Oracle has released patches for the latest Spectre CPU flaws and a fix for the Lazy floating-point unit (FPU) state restore issue affecting Intel CPUs.
Oracle’s updates address the Spectre CPU flaws revealed in May, including CVE-2018-3640, also known as Spectre variant 3a, and CVE-2018-3639, Spectre variant 4.
The fix for Spectre version 4 needs both software and microcode updates, while fixing Spectre version 3a only requires microcode updates.
Oracle has released software-based patches for Oracle Linux and Oracle VM with Intel’s microcode updates for x86 hardware.
Oracle director of security assurance, Eric Maurice, said the company will release more microcode updates and firmware patches as they become available from Intel.

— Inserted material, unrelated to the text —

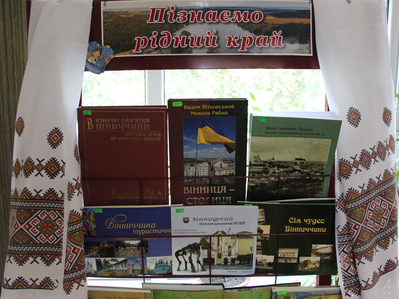 День краєзнавства працівники нашої бібліотеки відзначили новою книжковою виставкою. В експозиції «Пізнаємо рідний край» зібрали видання, що оповідають історії різних місцин Вінниччини.
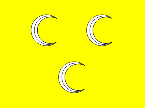 Rectangular ~4:7 flag with five unequal symmetrical horizontal stripes of blue, yellow, and green (approx. 3+2+3+2+3), with deep triangular cut-out but with green, central stripe protruding to the middle of the cut-out as a lobed langue; on the green stripe, a yellow scimitar pointing to the flag and on the fly a six-petal florette between two crescents, pointing inwards, all yellow; on each of the yellow stripes two yellow couped stubby ("Swiss") crosses; and on each of the blue stripes three florettes alternating with two crescents pointing flywards, all yellow (I kept the black "holding lines"ť from the original since there would be no way to present the yellow crosses on yellow).

Oracle has also released updates for Red Hat Compatible Kernel (RHCK) to address CVE-2018-3665, the Lazy FPU issue that affects operating systems and VMs running on x86 microprocessors.

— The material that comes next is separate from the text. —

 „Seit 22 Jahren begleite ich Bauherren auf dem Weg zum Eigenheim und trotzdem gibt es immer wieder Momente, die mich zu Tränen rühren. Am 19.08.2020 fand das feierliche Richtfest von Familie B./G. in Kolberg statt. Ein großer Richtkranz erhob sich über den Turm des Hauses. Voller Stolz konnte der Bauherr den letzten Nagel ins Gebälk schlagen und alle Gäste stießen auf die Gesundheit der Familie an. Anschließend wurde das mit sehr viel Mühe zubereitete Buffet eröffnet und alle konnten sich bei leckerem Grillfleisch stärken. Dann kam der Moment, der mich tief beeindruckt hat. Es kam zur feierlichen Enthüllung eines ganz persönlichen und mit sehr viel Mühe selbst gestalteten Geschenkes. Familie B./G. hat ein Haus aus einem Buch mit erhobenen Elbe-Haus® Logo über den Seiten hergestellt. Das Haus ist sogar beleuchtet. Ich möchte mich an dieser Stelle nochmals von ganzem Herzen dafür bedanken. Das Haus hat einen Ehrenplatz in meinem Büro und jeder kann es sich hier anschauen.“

This update can be installed using Oracle’s Ksplice tool for patching Oracle Linux.
Ksplice updates are also available for Oracle Unbreakable Enterprise Kernel Release 4 (UEKR4) on Oracle Linux 6 and Oracle Linux 7, which bring additional improved fixes for Spectre variant 2, and Spectre variant 3a.

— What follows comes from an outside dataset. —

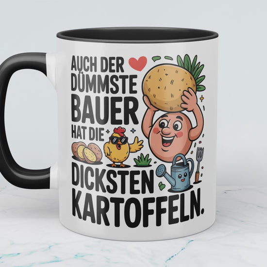 Witzige Bürotasse für Kollegen mit Spruch: "Auch der dümmste Bauer hat die dicksten Kartoffeln"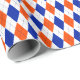 Show your true colors with bold style! This orange and blue argyle wrapping paper is perfect for fans who figuratively bleed orange and blue, bringing school spirit and classic charm to every gift. The repeating diamond harlequin pattern blends bright orange and deep navy blue on crisp white, creating a timeless, energetic design.

Under Single Thread Indirect Branch Predictors (STIBP) enable failure, Oracle notes: “Incorrect masking could prevent the STIBP feature of the IA32_SPEC_CTRL MSR from being set. Guests that used the STIBP feature to mitigate Spectre v2 would not be fully mitigated.”
That update also includes a fix for Spectre Variant 3a specific to AMD systems.
“The original vendor fix for CVE-2018-3639 did not expose the mitigation to KVM guests on AMD or correctly handle symmetric multithreading (SMT) systems.
“This update enables the speculative store bypass mitigation full time to protect guests and SMT systems by default on AMD systems and can be manually enabled/disable by writing 1/0 to /proc/sys/vm/ksplice_ssbd_control. The /proc/sys/vm/ksplice_ssbd_status file reports the current mitigation status,” Oracle notes.